Which image/object features to use?
Even in the cases where several features are extracted and measured, it is still difficult to decide which ones to use as key metrics for identifying assay hits (i.e. the metrics that best identify an unknown compound to have the desired biological effect). In a recent publication, Singh and co-workers from the Broad Institute [1] found that:
"a majority of high-content screens published so far (60−80%) made use of only one or two image-based features measured from each sample and disregarded the distribution of those features among each cell population"
As a result, the information content of the typical HCS experiments is much lower that its potential.
Variability in the quality of the HCS data
|
We create hundreds of these types of plots,
one for each feature |
In practical use, HCS data for a large screening campaign are accumulated over a period of days, if not weeks, in which different batches of cells, reagents and experimental conditions may introduce variability in the quality of detection and measurement of certain cellular features. Some of these QC issues may get lost in the casual review of the separate batches of data and may be simply hidden in the large volume of accumulated data.
A good set of visualization tools that permit the
global review of all the data set features are a necessity. For example, a simple, but effective way to review the performance of assay controls is to create box plots of each of the feature across all assay plates. Other ways such as
kernel density plots are also very effective.
See what you are missing
Missing data and other abnormalities (such as infinity values) introduced by some analysis software are another issue that one must pay close attention to, as these will later create havoc with most machine learning algorithms. It may only be a few values among thousands of good data points but they are sure to cause you pain if you don't handle them appropriately. I usually generate summary statistics of each of the features using R to quickly review for missing (NA), non-number (NAN) and infinity values in each of the feature measurements.
|
Creating group statistics in R for each feature and presenting it as a table
is a quick way to detect data quality issues (such as missing data) |
In the example above I can quickly identify features that have some missing values and handle them appropriately before starting any data analysis
Don't forget the biology
While we have a tendency to concentrate on our many powerful computational tools, not only we should not forget the biologist, but we should actively involve them in the data QC and review process. It is only then that statistically interesting findings collide with the true biology. In some cases, such findings are only '
red herrings' and should be discarded.
|
Measurements represented as assay plate heat maps
facilitate data comprehension in the context of the experiment |
To productively involve the biologist, you also have to provide visualizations that make sense in the experimental space. For example, since these screens are performed in assay plates, you must provide visualizations that present the numbers in an assay plate format.

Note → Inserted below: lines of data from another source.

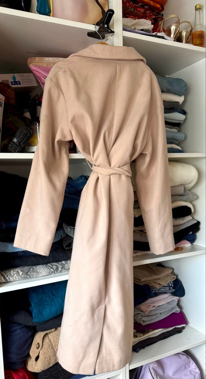 Manteau Missguided femme, taille 34, couleur beige clair. Coupe longue et élégante avec ceinture à nouer à la taille, col à revers et manches longues. Matière douce, doublé pour plus de confort. Peu porté mais non utilisé depuis plusieurs années, bon état général. Je m’en sépare pour faire de la place dans mes armoires.
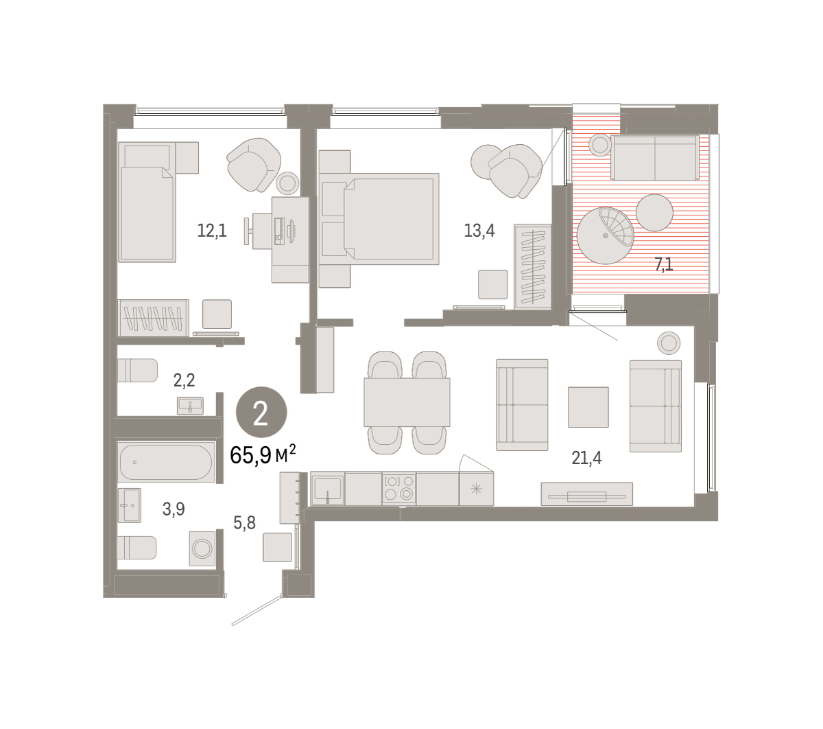 Продаётся с кладовой. Квартира с кухней-гостиной и двумя спальнями в районе Шишимская горка. Особенности планировки: второй санузел, предчистовая отделка, терраса на крыше. № квартиры в нашей базе: ШГР16-Ж5.14.1.
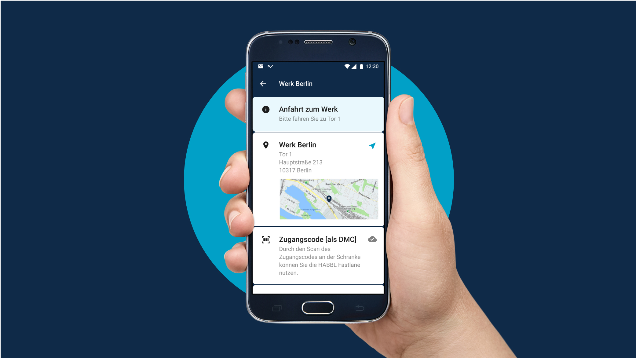 Beginnend mit der Startmeldung kommunizieren Fahrzeug und Tourziel im Viertelstundentakt die voraussichtliche Ankunftszeit, ohne dass der Fahrer eingreifen muss. Damit verbessern sich die Planungsoptionen vor Ort ohne vorfestgelegte Zeitfenster. Der Zielpunkt sendet positionsbasiert dann eine Meldung, ob der Lkw direkt vorfahren kann oder erst noch eine Pause einlegen soll. Auch der Zugangscode zum Werksgelände wird direkt in die HABBL App übertragen.
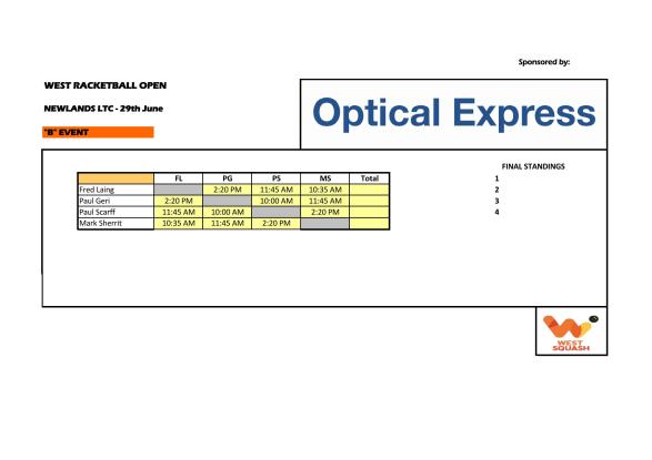 > Draws for the Optical Express Sponsored 2019 West Open Racketball Tournament at Newlands on Saturday 29th June > West Open 2019 – B Draw_Page_1
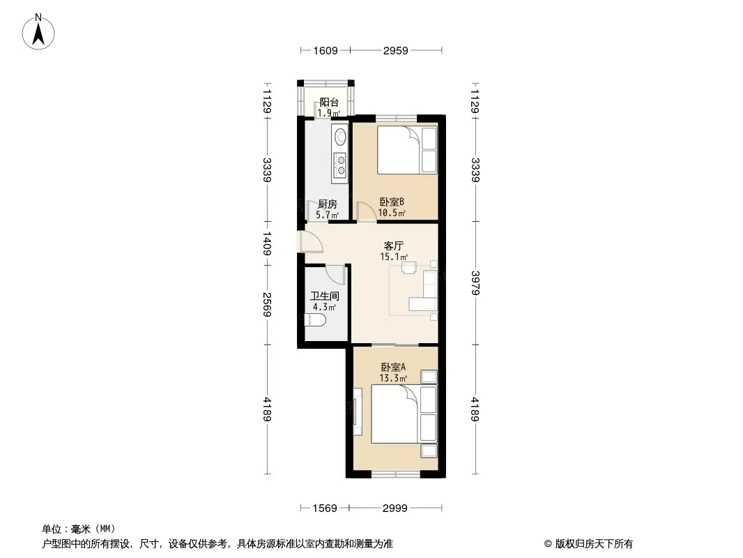 户型齐全,主打户型方正,明厨,主卧朝南二居
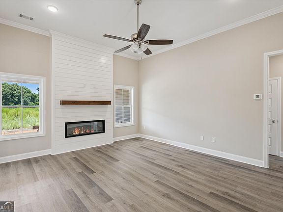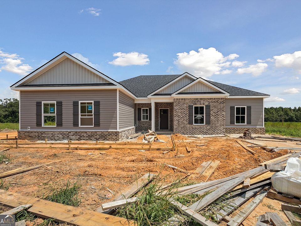 Welcome to 311 Mock Street, a beautiful custom new construction home situated on just over 3 acres right outside of Sylvania, GA-less than 30 minutes from Statesboro and close to local schools and shopping. This home features a classic brick front with vinyl siding and welcomes you inside with 11 ft ceilings, custom trim, and an open, light-filled living room complete with an electric fireplace and mantle. The kitchen is thoughtfully designed with white custom cabinetry, granite countertops, stainless steel appliances, a large island, breakfast bar with additional storage, and a walk-in pantry with a window. Off the kitchen, you'll find a cozy breakfast nook or dining room, perfect for everyday meals or hosting guests. The spacious primary suite overlooks the peaceful acreage and includes a luxurious soaking tub, dual vanities, a stand-alone shower, and a large walk-in closet. On the opposite side of the home, three generously sized guest bedrooms offer walk-in closets and ceiling fans. The guest bathroom features a double vanity. Step outside to a large covered back patio with a ceiling fan and a TV-ready wall-ideal for outdoor entertaining, especially during football season. This home truly checks every box-don't miss your chance to make it yours!
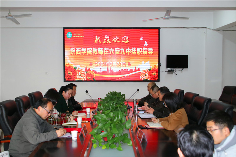 皖西学院派遣师范类专业教师到六安九中挂职锻炼是高校与基础教育合作的新型模式,必将引领六安九中的学科研究快速发展,推动六安九中教学科研向更高的层次和水平迈进。
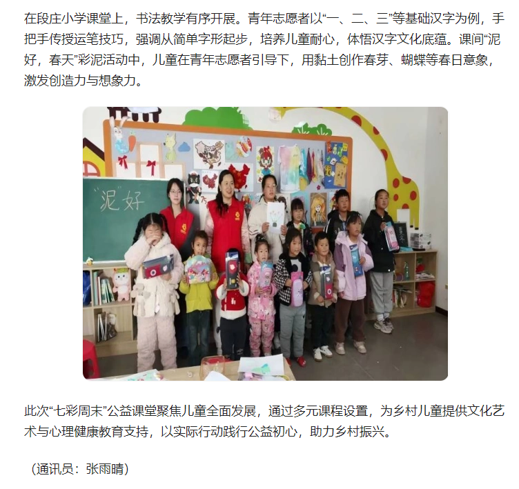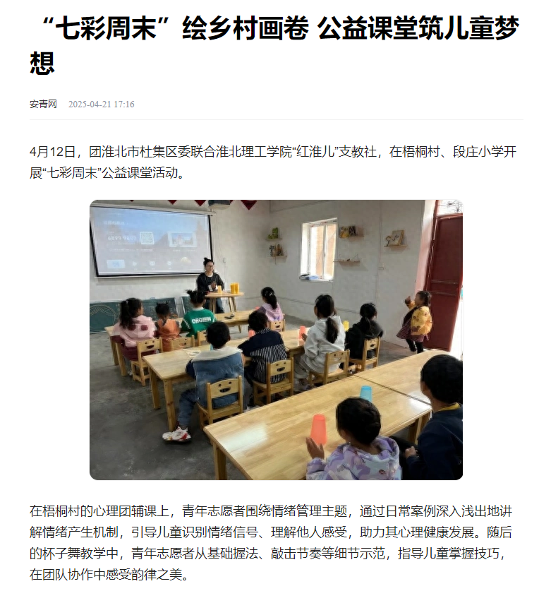 4月12日,团淮北市杜集区委联合淮北理工学院“红淮儿”支教社,在梧桐村、段庄小学开展“七彩周末”公益课堂活动。对此,安青网进行了报道:
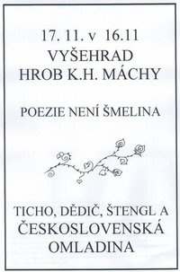 Uvedení projektu multimediálního umělce Michala Cába a dramaturga Ladislava Čumby, ve kterém bude pořízena zvuková nahrávka 12 českých básníků pro "pirátské" rádio poezie ke 200 letům od narození Karla Hynka Máchy.
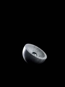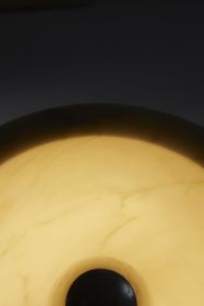 Die harmonische Halbkugelform verleiht der Leuchte ihre besondere Präsenz. Der transparente Glasdiffusor mit einer Halbabdeckung aus poliertem Aluminium lenkt das Licht sanft und erzeugt eine weiche, beinahe schwebende Lichtstimmung. Durch die sorgfältig ausgewählten Materialien entsteht ein faszinierendes Zusammenspiel von Struktur, Reflexion und Licht.
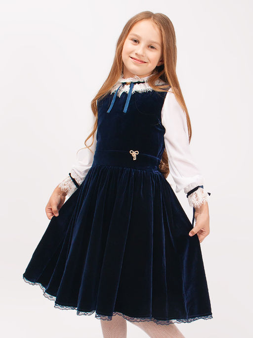 Очаровательный сарафан для девочки Соль&Перец из бархата, с подкладом и пышной юбочкой в складку. Сарафан дополнен съёмной брошью. Износоустойчивый материал позволит надолго сохранить форму и привлекательный внешний вид изделия. Идеальный выбор для создания стильного, школьного образа.
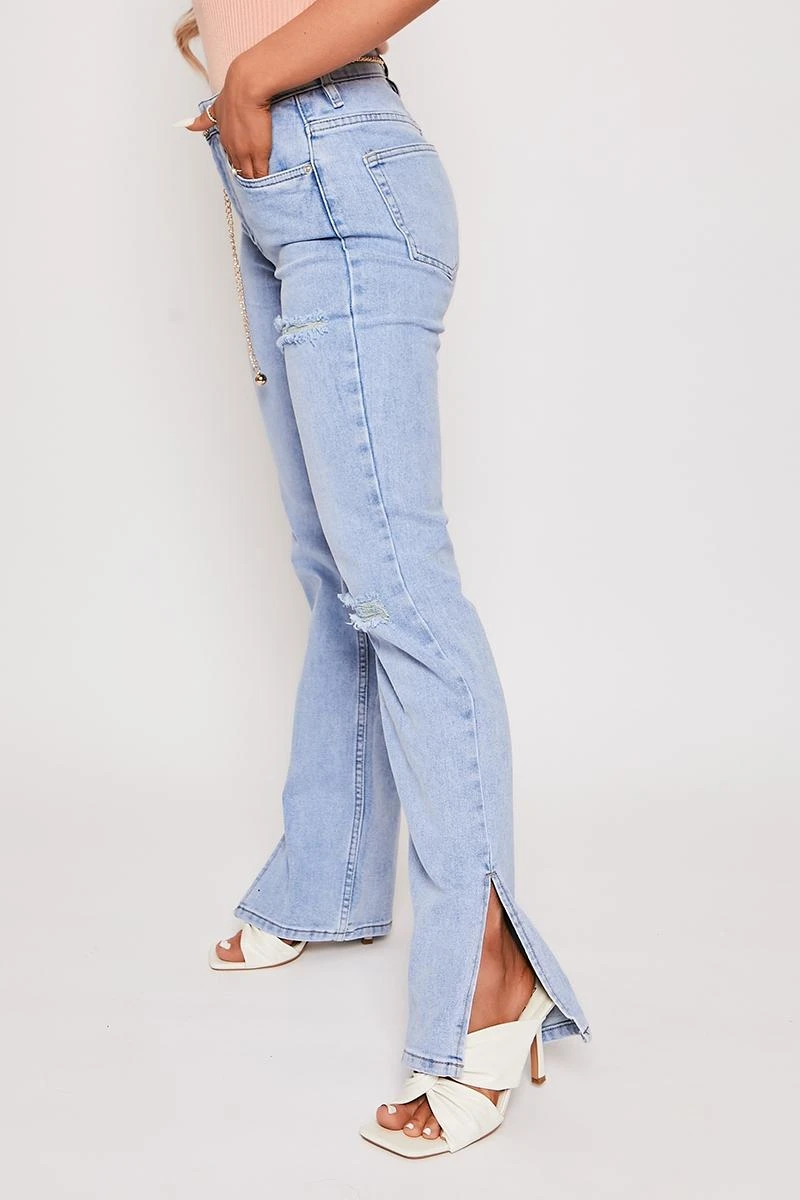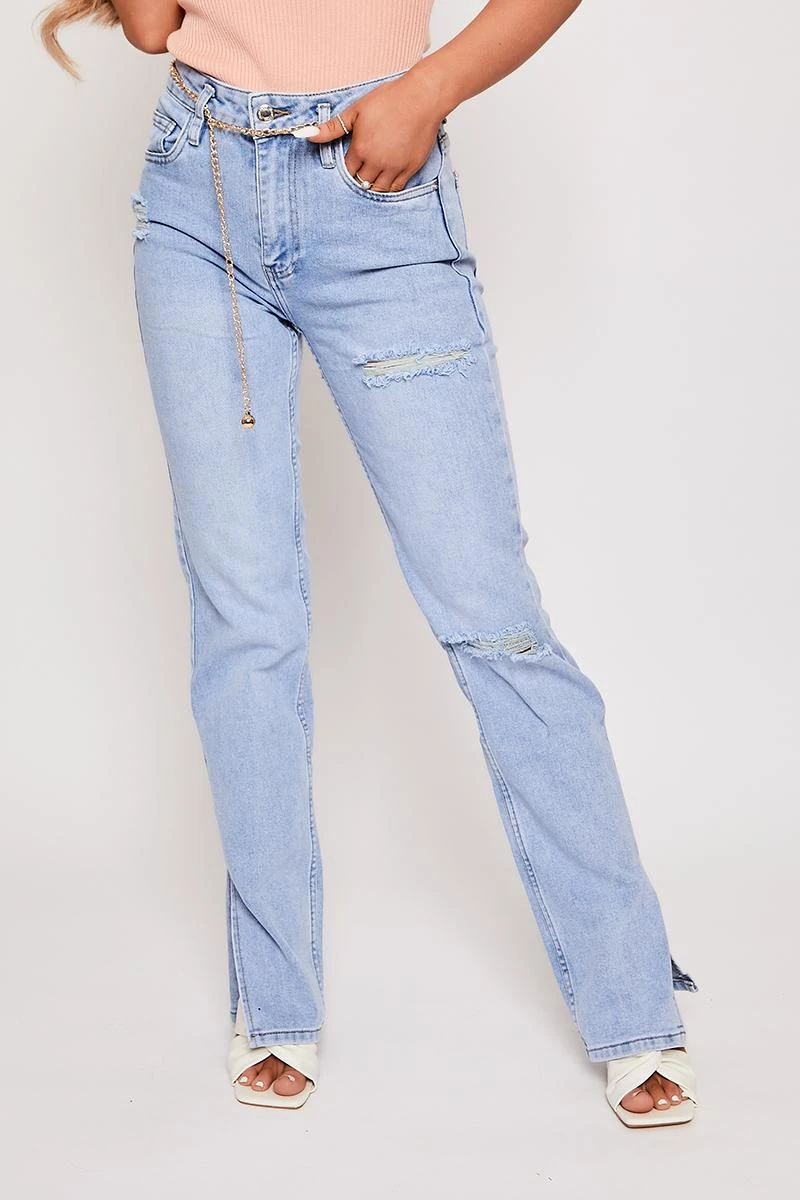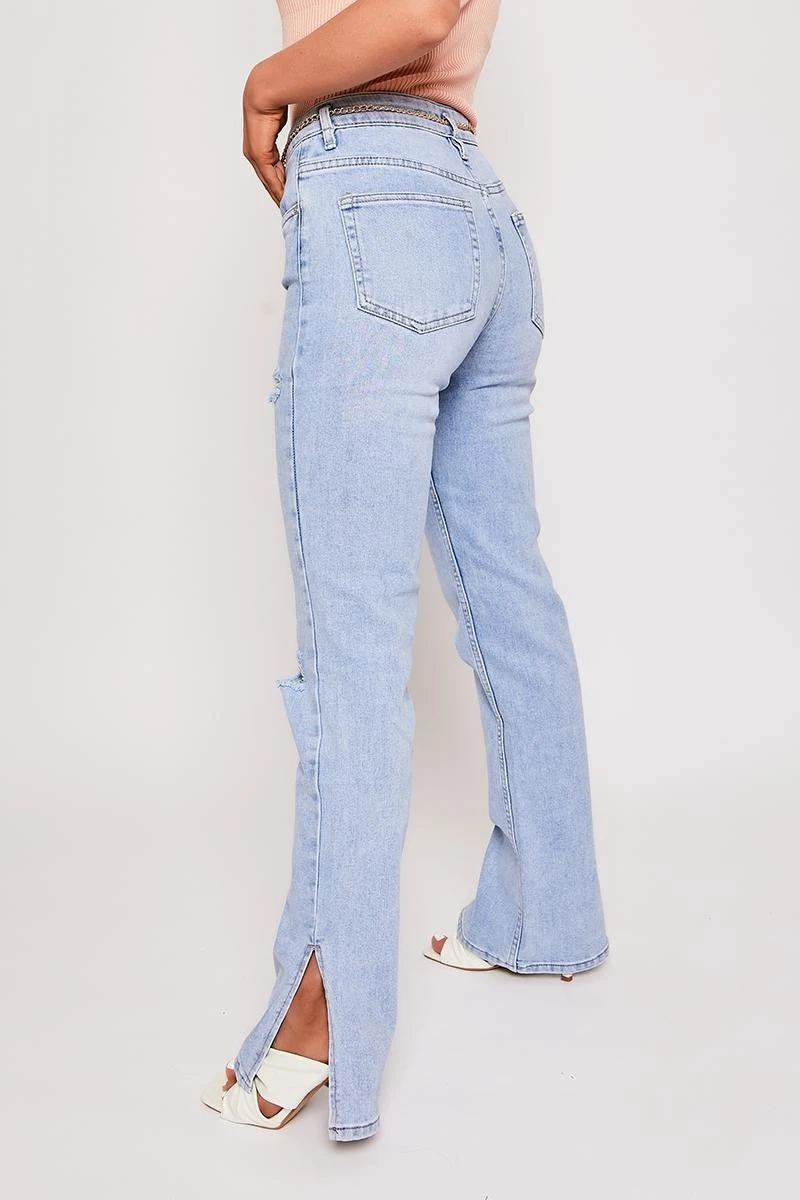 Featuring a light blue wash denim with a mom style fit, ripped details and belted finish (Belt included)
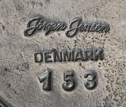 A Jorgen Jensen pewter pendant & long necklace of geometric pierced circular form set with a central lozenge shaped cabochon cut turquoise coloured stone, Marked Jorgen Jensen DENMARK 153 to the reverse
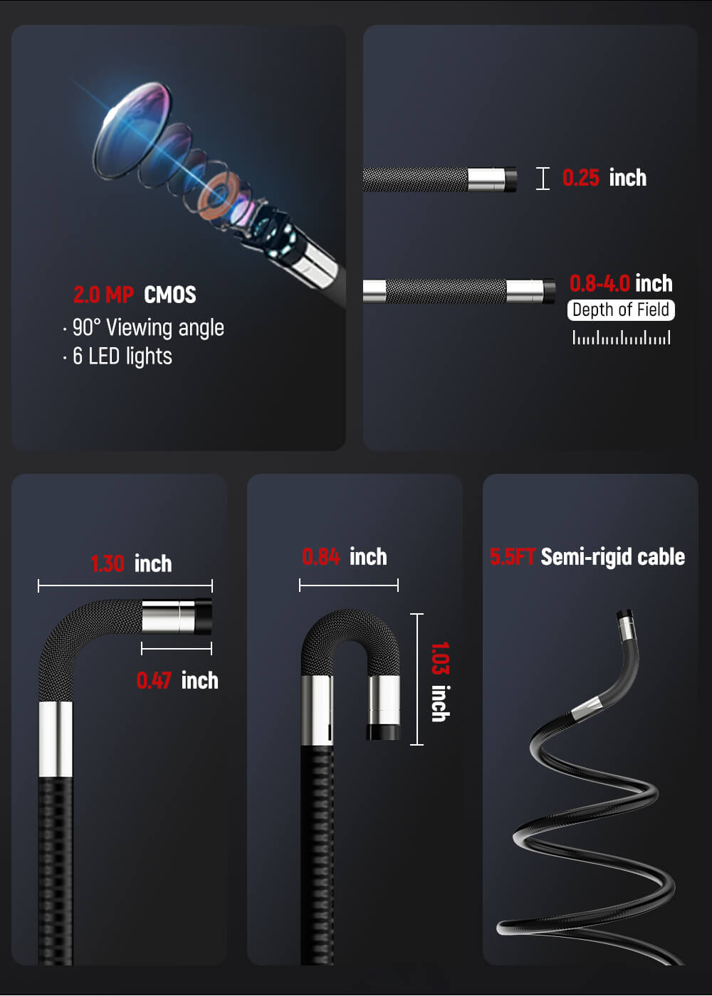 The 0.25-inch ultra-thin probe of this articulating borescope inspection camera easily slips into narrow gaps that standard endoscopes can’t reach. A 2MP lens captures sharp visuals, while six adjustable LED lights illuminate dark environments, letting you fine-tune brightness for optimal visibility. An additional rear-facing flashlight enhances visibility, helping you work efficiently in low-light conditions.
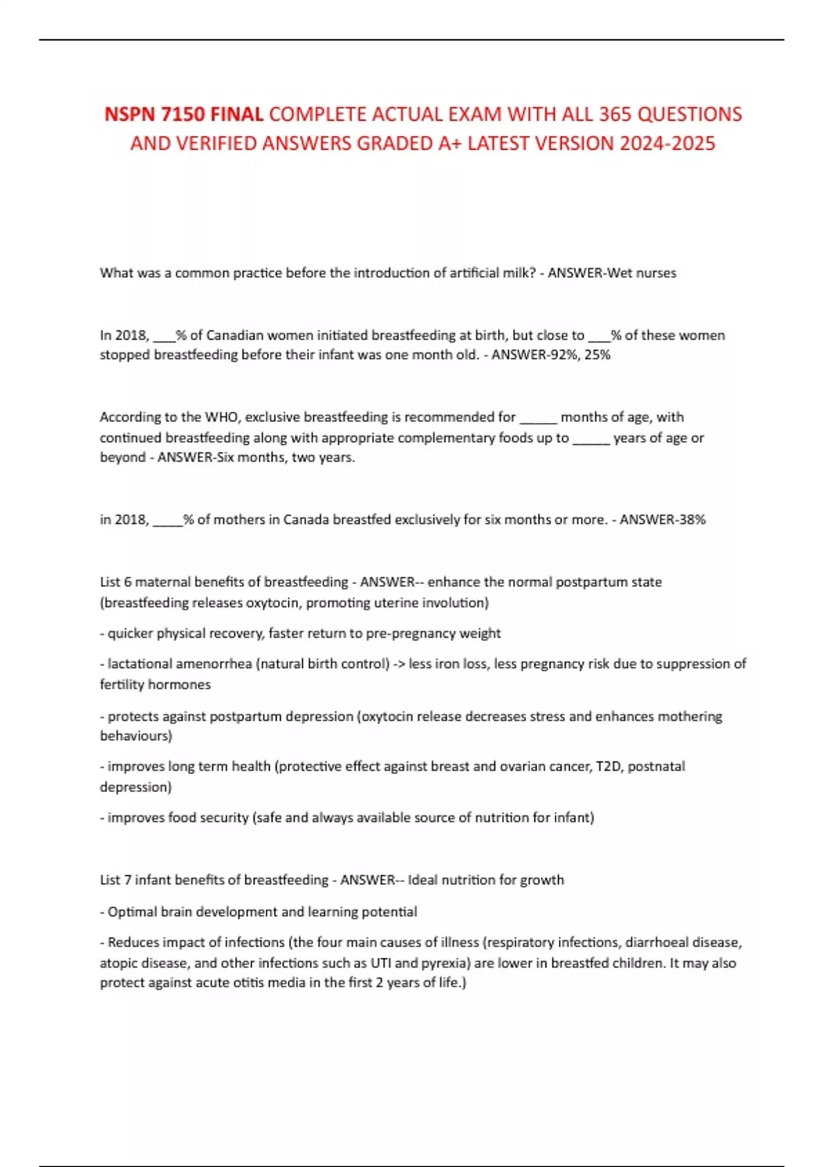 NSPN 7150 FINAL COMPLETE ACTUAL EXAM WITH ALL 365 QUESTIONS
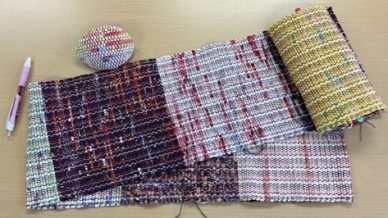 卓上機での裂き織り、織り上がりました。ふんわり柔らかい風合いで、色合いも綺麗です。バレッタに仕上がる予定です。工房に関わる方々のアイディアで、新しい製品が色々できてきています。やっぱり、紺屋町番屋に並...
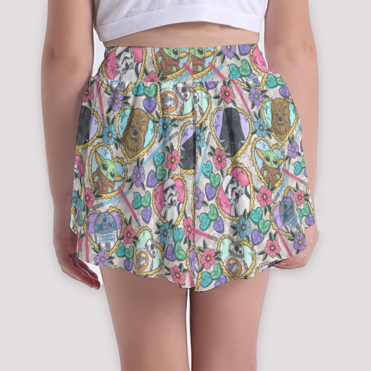 Iconic space heroes and droids appear inside colorful tattoo-style hearts, surrounded by florals and bold patterns on a checkered backdrop. This design brings cosmic adventure and retro tattoo vibes together for a playful and striking tribute to legendary friends from a galaxy far, far away.
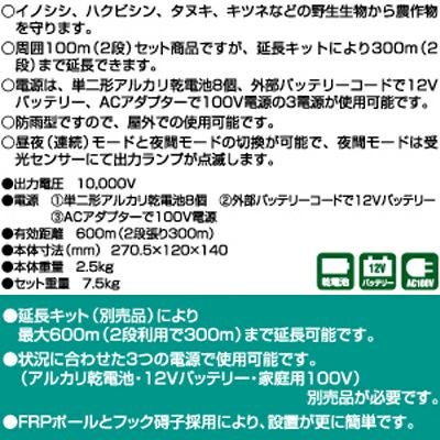 【特長】 ●イノシシ、ハクビシン、タヌキ、キツネなどの野生動物から農作物を守ります。 ●2段張り、周囲100mセットですが、別売の延長キットにより周囲300mまで延長できます。 ●防雨型ですので、屋外の使用が可能です。 ●昼夜(連続)モードと夜間モードの切り替えが可能で、夜間モードは受光センサーにて出力ランプが点滅します。 ※電源は、単2形アルカリ乾電池8個、外部バッテリーコードで12Vバッテリー、ACアダプターで100V電源の3種類が使用可能です。 |
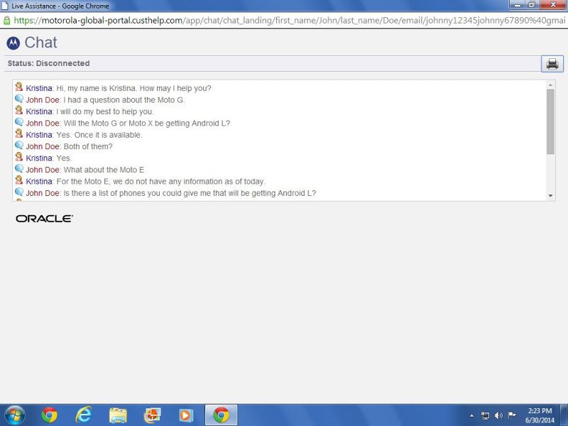 Kristina, l’operatore di turno, avrebbe confermato all’utente che Moto G e Moto X riceveranno l’aggiornamento alla prossima versione del robottino verde, mentre avrebbe risposto di non avere informazioni su Moto E. Apparentemente la conferma sembra attendibile e ufficiale, ma c’è da tenere in considerazione alcuni aspetti: l’intera conversazione potrebbe essere un falso oppure l’operatore potrebbe non essere ben informato sulla questione aggiornamenti, il che non sarebbe la prima volta.

We frequently generate these by displaying the feature measurements in a heatmap format that resembles the assay plates. The biologists can immediately recognize this format and determine whether the findings make sense given the control layouts on these plates. For example, the example here shows distinct patterns where the assay controls are arrayed and where various concentrations of compounds (dose response) are located.
We have numerous practical examples, where after features are selected based on their potential for good predictive value in an assay, we get even more robust results after a biologist reviews these features and removes those that are not considered reflective of the true biology.
References
- Singh, Shantanu, Anne E. Carpenter, and Auguste Genovesio. "Increasing the Content of High-Content Screening An Overview." Journal of biomolecular screening 19.5 (2014): 640-650.